Moreover, even before this phase of data exploitation, the mere collection of user data poses and will continue to pose questions: will prospects and customers agree to deliver more and more personal information? How far will they be willing to go? These questions seem all the more legitimate as the increase in cyber-attacks, which is in the news, will inevitably increase with 5G: indeed, by multiplying the points of contact (IoT, etc.), 5G will open more doors to cybercrime to the detriment of user confidence. To date, while transaction channels are perfectly secure with banks operating between them, tomorrow’s more open ecosystem will mean employing more robust means to transfer funds or deliver financial services in a completely secure manner. Clearly, the guarantee of a high level of reliability of information systems combined with more transparency around the use of data – beyond simple compliance with the RGPD – will be essential to gain and maintain user confidence over time.
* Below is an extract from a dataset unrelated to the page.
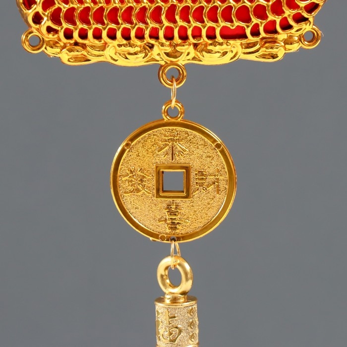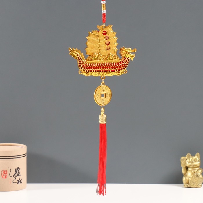 Подвеска пластик, текстиль "Лодка Дракон с китайской монетой" 1,8х13х39 см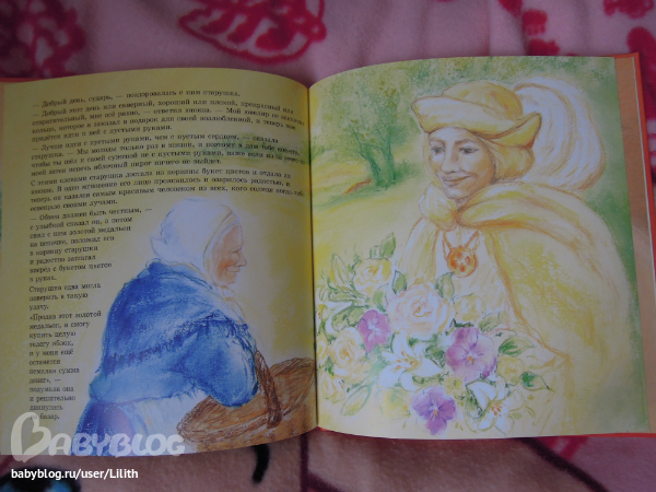 Еще в книге есть разворот, где старушка отдает золотой медальон, полученный от юноши с картинки сверху, беднякам с младенцем, спящим на улице города. Очень трогательная картинка, и учащая ребенка доброте и милосердию. Фотография не удалась, к сожалению.

Unquestionably, 5G is a high-potential innovation for players in the financial services sector. But the uses it will enable will require a major transformation for banks, particularly within their finance, risk and internal control departments. Finally, and because it is no longer possible, in 2021, to reinvent oneself in a vacuum in a moving, open and connected world, it is clear that the players who will manage to take full advantage of the opportunities offered by 5G will be those capable of opening up to the world around them to capture its wealth, by creating value-bearing ecosystems: for the benefit of their business and their customers.